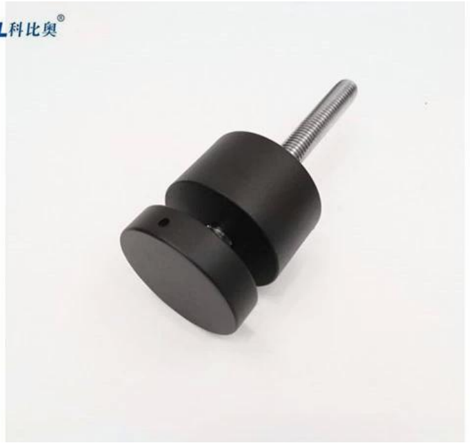
Roestvrijstalen glazen standoff productiepakket:
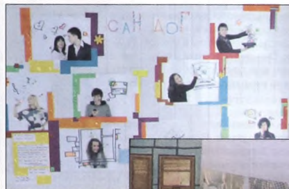
Творчество филологов и филологинь
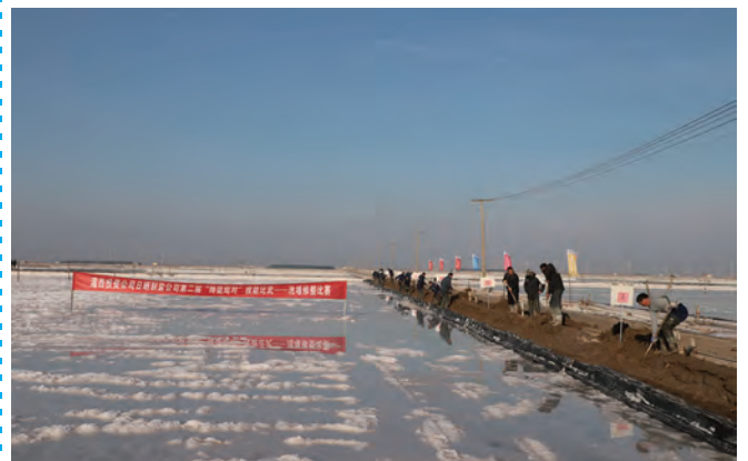
12月24日,灌西投资公司举办“薪火灌筑、匠星西传”第二届师徒结对擂台赛。本次擂台赛将举办师徒讲堂、电工技能、盐工技术、亮化美化等专项比拼,从说和做两个方面为产业工人提供展示技艺的舞台。(杨婕 许东彦)

“隐患大家找”拉响安全问题“警报器”。坚持开展“安全隐患大家找”职工性活动,激励职工聚焦人的不安全行为和物的不安全状态,发挥手机摄像头“终端监控”作用,随时随处查找记录工作环境中不安全因素,一键举报安全隐患,并要求相关单位按等级、紧急程度限期整改到位,强化整改后复查工作,确保隐患整改见时效、促长效。全年累计收到“安全隐患大家找”图片86张,评比表彰37人,激励更多职工争当排查安全隐患的“吹哨人”。(叶维友)

**********

## EXERCISE REQUIREMENTS
The required output is the line holding "12月24日,灌西投资公司举" plus every line after it in the data, reproduced exactly.

## WORKED SOLUTION
12月24日,灌西投资公司举办“薪火灌筑、匠星西传”第二届师徒结对擂台赛。本次擂台赛将举办师徒讲堂、电工技能、盐工技术、亮化美化等专项比拼,从说和做两个方面为产业工人提供展示技艺的舞台。(杨婕 许东彦)

“隐患大家找”拉响安全问题“警报器”。坚持开展“安全隐患大家找”职工性活动,激励职工聚焦人的不安全行为和物的不安全状态,发挥手机摄像头“终端监控”作用,随时随处查找记录工作环境中不安全因素,一键举报安全隐患,并要求相关单位按等级、紧急程度限期整改到位,强化整改后复查工作,确保隐患整改见时效、促长效。全年累计收到“安全隐患大家找”图片86张,评比表彰37人,激励更多职工争当排查安全隐患的“吹哨人”。(叶维友)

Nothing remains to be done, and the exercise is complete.